## Task to carry out
Below this line is a listing that includes pictures. Copy exactly, and only, the lines from the one containing "塩を振って余分な水分を抜いて" through the one containing "Diese offene Glaskugel"; the pictures do not go in the copy.

## Listed records
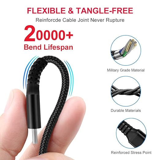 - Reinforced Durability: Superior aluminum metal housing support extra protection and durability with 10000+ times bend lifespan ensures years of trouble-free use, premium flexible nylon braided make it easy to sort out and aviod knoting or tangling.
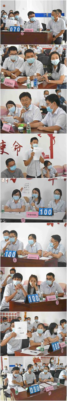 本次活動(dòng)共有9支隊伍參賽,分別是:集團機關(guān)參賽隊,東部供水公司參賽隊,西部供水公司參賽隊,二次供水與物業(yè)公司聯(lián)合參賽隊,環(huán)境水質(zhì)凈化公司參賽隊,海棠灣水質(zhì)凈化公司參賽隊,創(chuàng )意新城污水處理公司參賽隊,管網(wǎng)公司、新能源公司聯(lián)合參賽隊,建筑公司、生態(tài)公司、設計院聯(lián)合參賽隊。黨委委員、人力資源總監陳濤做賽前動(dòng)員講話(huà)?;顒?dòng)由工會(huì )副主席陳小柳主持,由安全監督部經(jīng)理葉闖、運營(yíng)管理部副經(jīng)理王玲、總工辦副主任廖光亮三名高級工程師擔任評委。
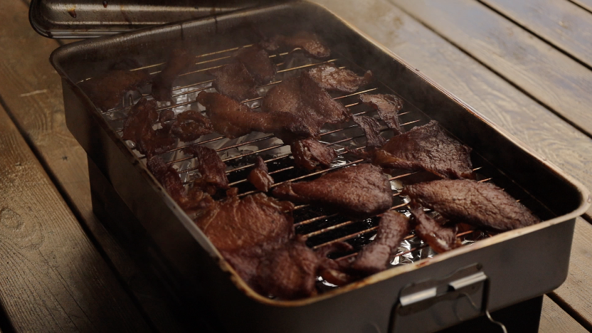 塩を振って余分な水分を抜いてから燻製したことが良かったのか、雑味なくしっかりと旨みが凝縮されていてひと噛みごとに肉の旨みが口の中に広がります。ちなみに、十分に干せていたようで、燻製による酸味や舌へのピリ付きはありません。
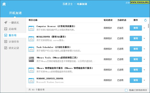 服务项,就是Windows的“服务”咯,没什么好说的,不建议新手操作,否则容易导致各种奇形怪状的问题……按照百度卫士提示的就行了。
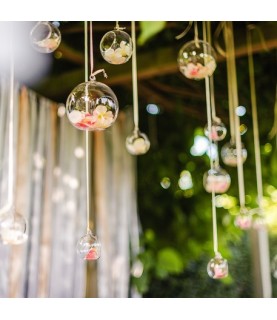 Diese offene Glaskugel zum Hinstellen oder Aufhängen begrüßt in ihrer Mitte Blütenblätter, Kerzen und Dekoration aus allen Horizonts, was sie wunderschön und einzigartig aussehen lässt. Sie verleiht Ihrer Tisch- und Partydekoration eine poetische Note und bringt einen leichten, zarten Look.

---

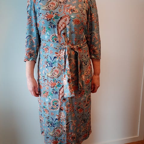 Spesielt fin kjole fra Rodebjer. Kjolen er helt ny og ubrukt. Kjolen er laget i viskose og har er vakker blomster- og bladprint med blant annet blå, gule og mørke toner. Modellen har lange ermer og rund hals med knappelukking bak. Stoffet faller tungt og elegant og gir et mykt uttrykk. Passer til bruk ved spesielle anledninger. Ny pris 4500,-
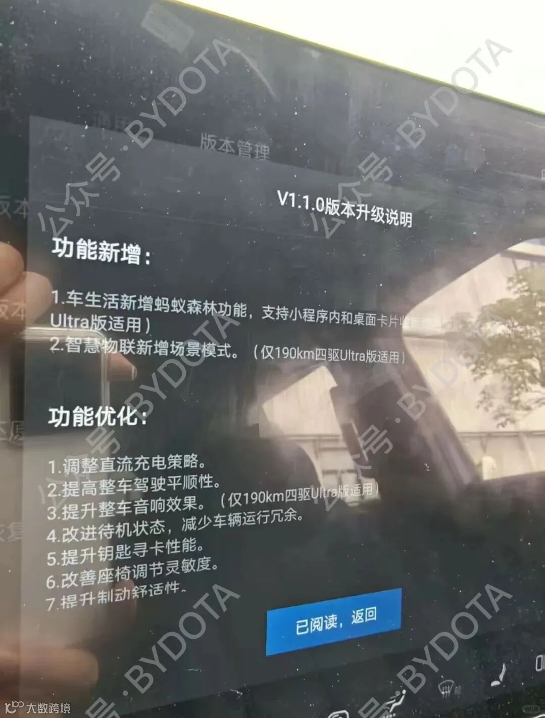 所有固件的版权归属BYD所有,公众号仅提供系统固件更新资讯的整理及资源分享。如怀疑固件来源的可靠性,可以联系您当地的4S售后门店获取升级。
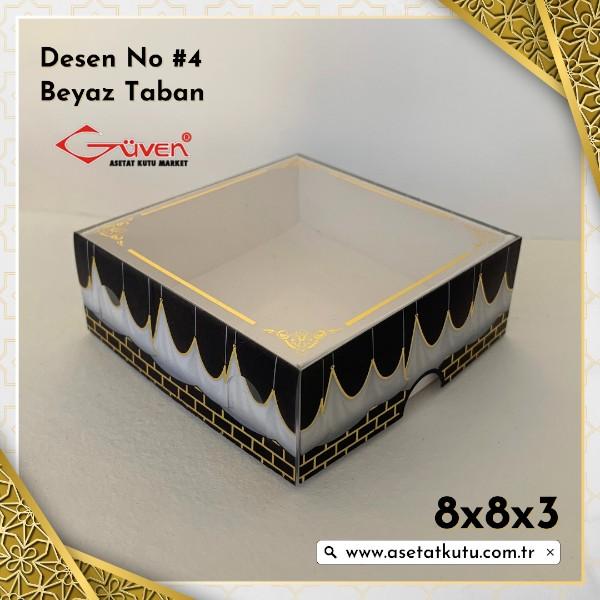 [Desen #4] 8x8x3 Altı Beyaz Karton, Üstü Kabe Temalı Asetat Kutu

* * *

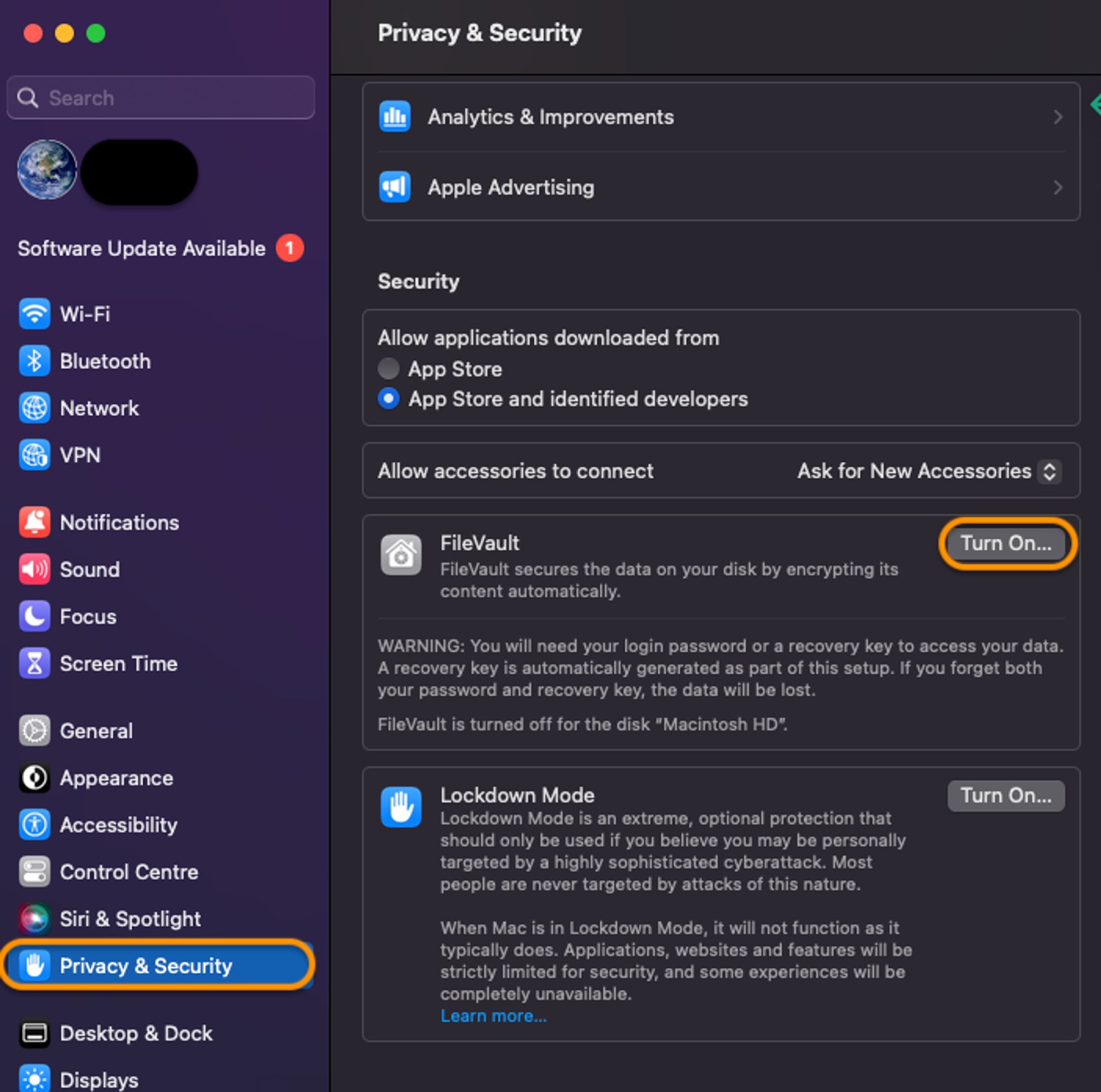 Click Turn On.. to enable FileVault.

## Response to the task
 塩を振って余分な水分を抜いてから燻製したことが良かったのか、雑味なくしっかりと旨みが凝縮されていてひと噛みごとに肉の旨みが口の中に広がります。ちなみに、十分に干せていたようで、燻製による酸味や舌へのピリ付きはありません。
 服务项,就是Windows的“服务”咯,没什么好说的,不建议新手操作,否则容易导致各种奇形怪状的问题……按照百度卫士提示的就行了。
 Diese offene Glaskugel zum Hinstellen oder Aufhängen begrüßt in ihrer Mitte Blütenblätter, Kerzen und Dekoration aus allen Horizonts, was sie wunderschön und einzigartig aussehen lässt. Sie verleiht Ihrer Tisch- und Partydekoration eine poetische Note und bringt einen leichten, zarten Look.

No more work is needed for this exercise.